Fellow EOS friends, I’d like to pick you brains, the challenge at hand is a few webcams which load their pictures onto my Arch server whenever they record an alarm.
I right now completed a little script which monitors (inotifywait) the camera folder and puts out a clickable link on the console
$ scripts/monitorCameras.sh
Camera tracker v. 1.0
Stairs 21:14 -> smb://camera@homeserver/Cameras/10_18_126_147/000/093
This works, but, I need to ssh into the server to run the script and see the output.
What I really want is some sort of notification on my laptop. My DE is Plasma so I wonder if I somehow can push these alerts as a KDE notification?
Not an issue of speed reading but rather brain reading
I was about to add kdeconnect to my opening post but then kept it more generic. Somehow it must have transmitted over…or maybe you read my response in the kdeconnect thread
Indeed, this may do the trick without any 3rd party, I noticed a “host” parameter.
Edit: No, the host parameter is for XMPP only. Maybe I’ll have the server write into a file which I monitor from my laptop, I could use notify-send “test”…but these notifications aren’t clickable…
I am now considering a script local to the laptop which will go over the network and monitor the server file for changes and which will show the link in the KDE panel via the “Command-Output” Plasma applet.
Thanks guys, good food for thought. I’ll report back once I got something.

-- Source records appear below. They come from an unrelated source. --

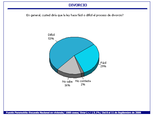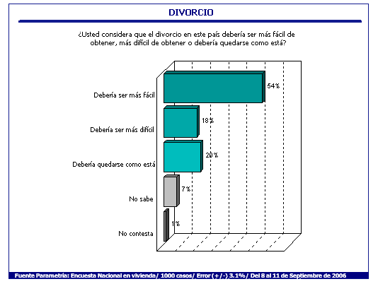 Incluso en la mayoría de los casos (54%), la ciudadanía considera que el proceso legal para terminar la relación marital debe ser más sencillo, el 20% cree que tiene mantenerse inalterable y el 18% piensa que debe de ser más complicado.
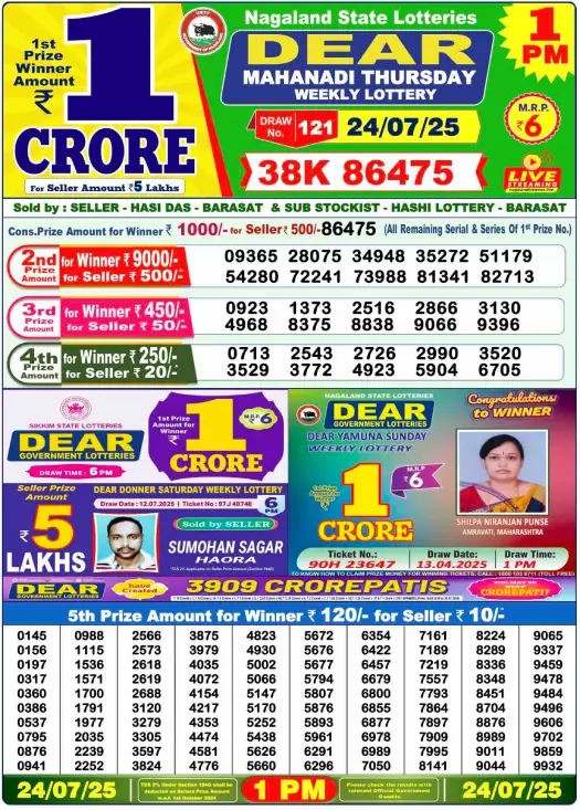 Sambad Lottery Morning Result 1 PM 24.7.2025. Check and free download Dear Lottery Sambad 1 PM Morning Result 24/7/2025. Nagaland Dear Lotery Sambad Result 1 PM 8.1.2023.
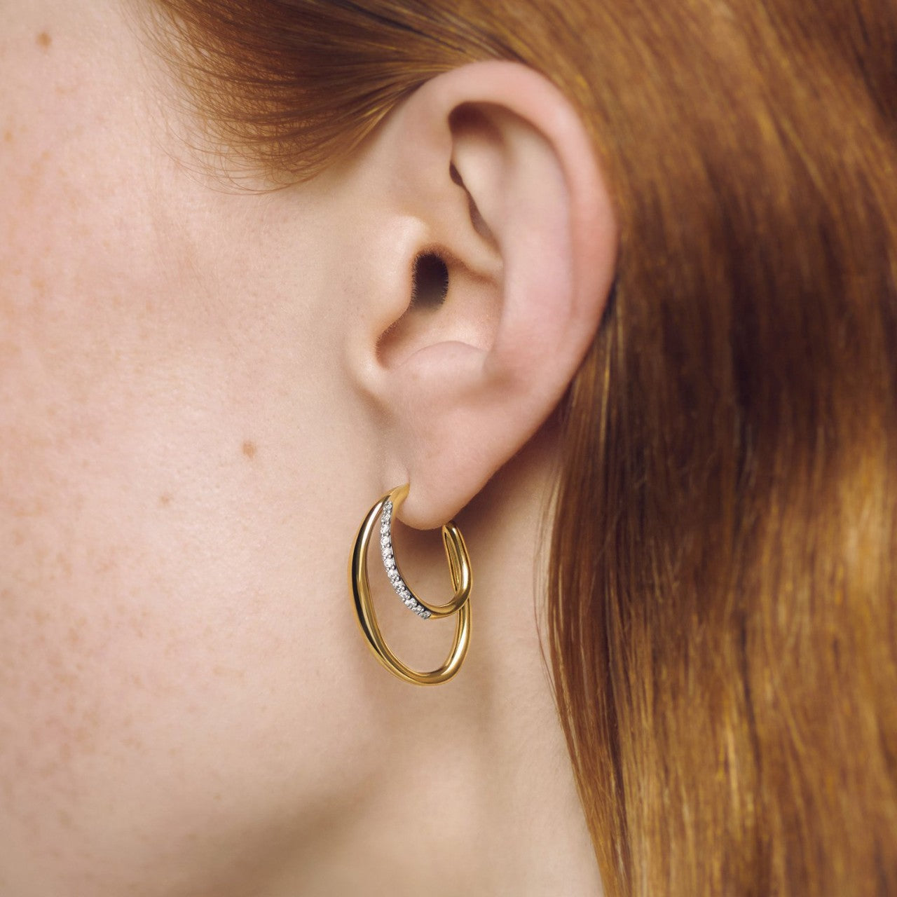 Fashionable and simple design sense, niche design stainless steel zirconium-encrusted C-shaped earrings
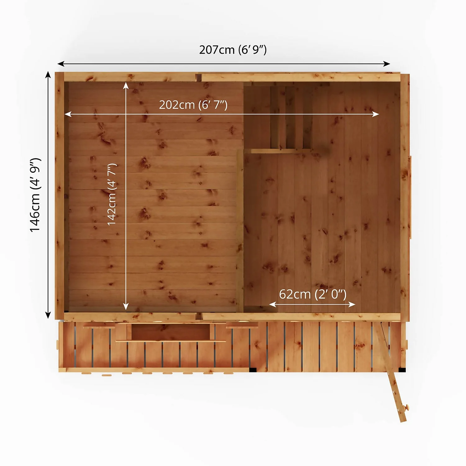 • Tongue & Groove Roof and Floor – Heavy duty interlocking boards create a premium, strong and robust finish
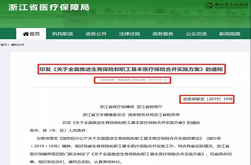 9月12日,浙江省医保局发布《关于全面推进生育保险和职工基本医疗保险合并实施方案》的通知,明确两险合并的具体实施方案。
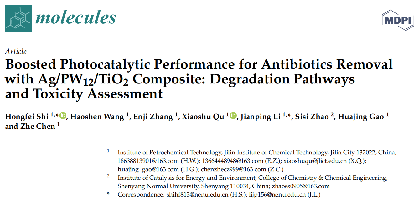 中文標題: Ag/PW12/TiO2複合材料(liào)用於高效降解去除抗生素性能:降解途徑和毒性評估
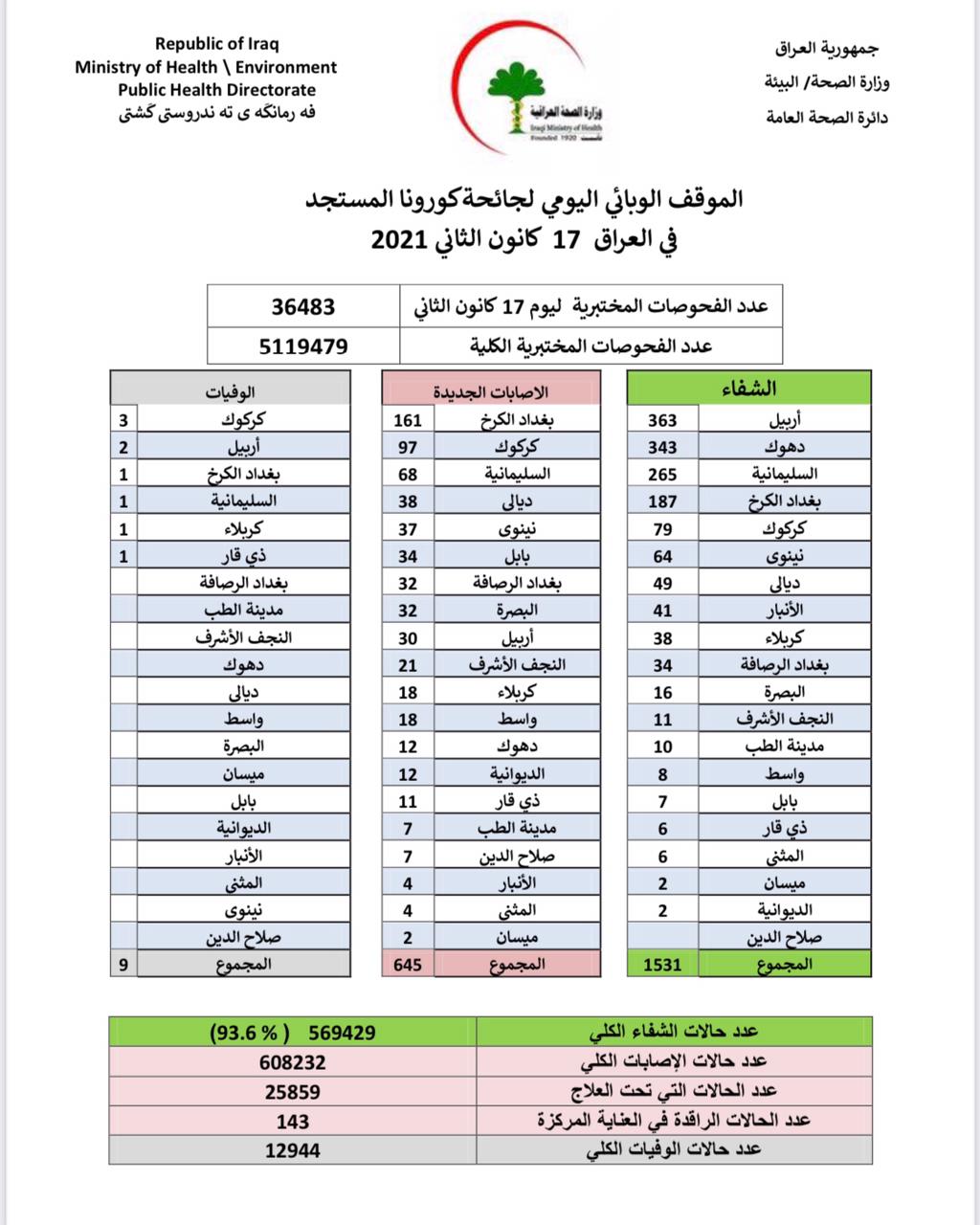 وقالت الوزارة في بيان حصلت وكالة نون الخبرية عليه، إن الموقف الوبائي سجل، اليوم 645 اصابة جديدة، فيما كانت عدد حالات الشفاء 1531 حالة، فيما كانت عدد حالات الوفاة 9 فقط.
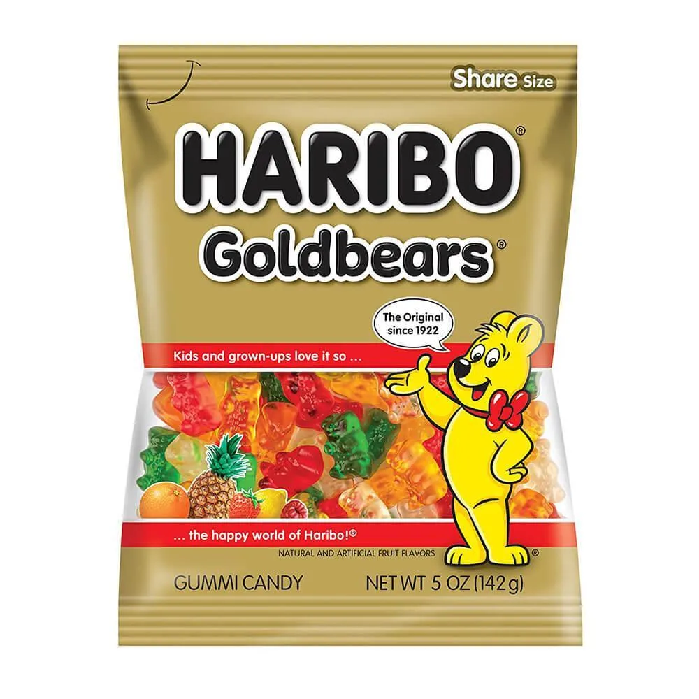 Haribo Gold-Bears Gummy Bears Candy Stand Up Peg Bags: 8-Piece Case
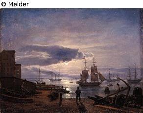 Fundmeldung Der Kopenhagener Hafen im Mondschein Hersteller/Künstler:in Dahl, Johan Christian Clausen Objektart Gemälde Material / TechnikÖl ; Leinwand / gemaltLost Art-ID577623
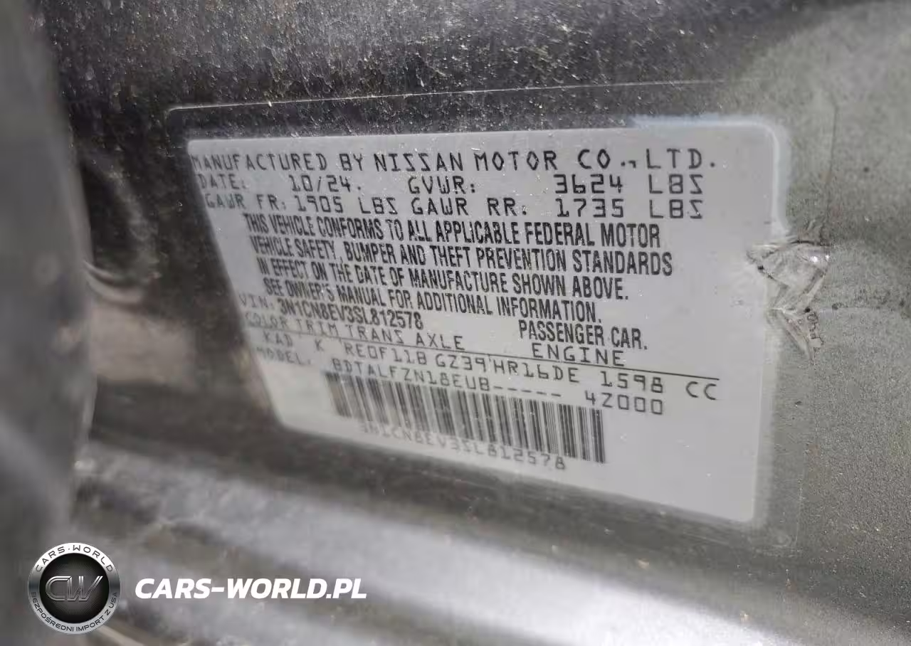Copart Nr: C-91673875 VIN: 3N1CN8EV3SL812578 Port: Elizabeth, NJ

Edit: Making progress, I am now running my server script directly via ssh which allows me to securely pull the screen output over to my laptop without the need to copy log files or monitor files across the network:
ssh homeserver ~/scripts/monitorCameras.sh | tee ssh-session.log
From the local ssh-session.log file I can push things as notification:
x=$(tail -1 ssh-session.log); notify-send $x
The only thing I haven’t figured out yet is how to make the notify-send message clickable
Edit2: Got a working solution
I am now using ssh as shown above as Systemd daemon, the output of the script goes into a temporary log file which I monitor with the CommandOutput Applet. When I click on the string I launch the jpg via xdg-open…
Boy, I really love Linux for solutions like this…no programing, no bending over backwards, but rather linking together existing tools and capabilities.